The concept of value ethics is a collective term for ethical theories that understand good as value . The book Der Formalismus in der Ethik und die Materiale Wertethik by Max Scheler, however, the founder of the material ethics of values ​​is Franz Brentano with his two main ethical works, “Vom Ursprung Morittlicher Wissen” and “Basis and Structure of Ethics” ". Both writings were decisive for Edmund Husserl's phenomenological method and also influenced Nicolai Hartmann's ethics of values . The two co-founders of early analytical philosophy, Bertrand Russell and George Edward Moore, were also influenced by the works of Franz Brentano in their ethical writings. In addition to the material ethics of values, there is also a formal direction of ethics of philosophy of value. This was developed by Wilhelm Windelband and Heinrich Rickert . Franz Brentano's ethics, despite their clear differences to Kant's ethics (but also like Kant's ethics), combine both formal principles of practical knowledge and material preferences or values ​​of interest. In addition, it ties in with the older Thomistic tradition of the rational ethics of wisdom in some respects. Brentano's ethics of values ​​also influenced some economic value theorists of the 19th and 20th centuries.
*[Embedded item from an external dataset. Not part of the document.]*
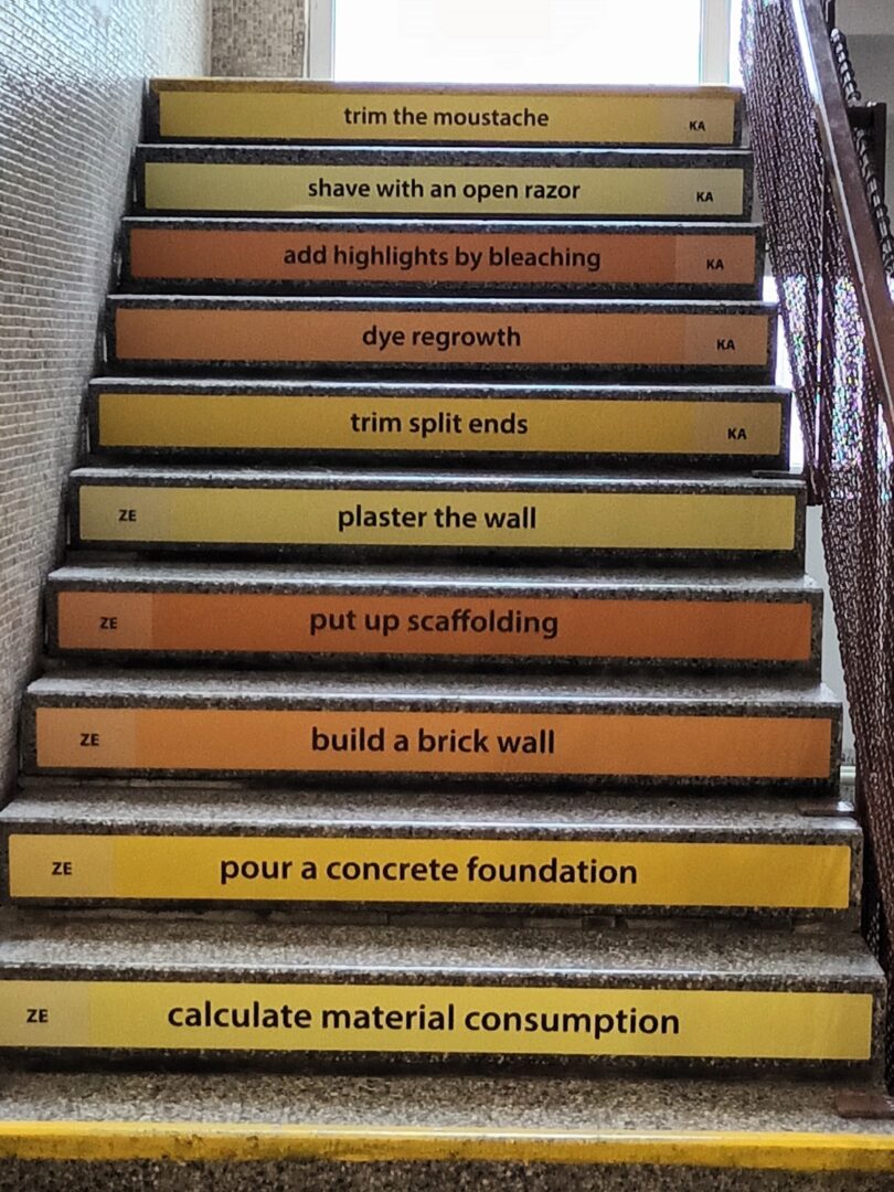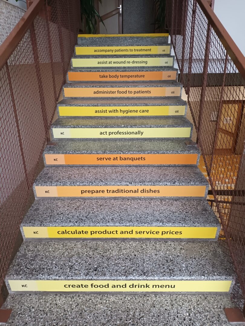 Ve vzdělávací budově Čáslavská 202 je jedno ze schodišť propojujících patra s většinou učeben nově opatřeno barevnými polepy schodů. Kromě toho, že se schodiště barevně rozzářilo, mají nyní žáci všech stávajících učebních i maturitních oborů možnost si každý den opakovat odbornou angličtinu, a to ve formě jednoduchých slovesných frází. Realizace polepů schodů byla poslední tečkou za jedním z malých projektů zaměřených na zlepšení prostředí pro výuku a trávení volného času.

Material ethics of values ​​(Scheler)

Max Scheler creates a material ethic of values

Scheler drafts his material ethics of values ​​in an emphatic demarcation from Kant. Although he adopts Kant's a priori procedure and his criticism of an ethics of goods and purposes, he wants to adhere to a material foundation of ethics. This is possible through the demonstration of a priori value determinations that are not given in intellectual, but in emotional acts of feeling for value. For him, values ​​are independent of concrete goods in a similar way as colors are independent of things. As a method for recognizing values, Scheler adopts the phenomenology developed by Husserl.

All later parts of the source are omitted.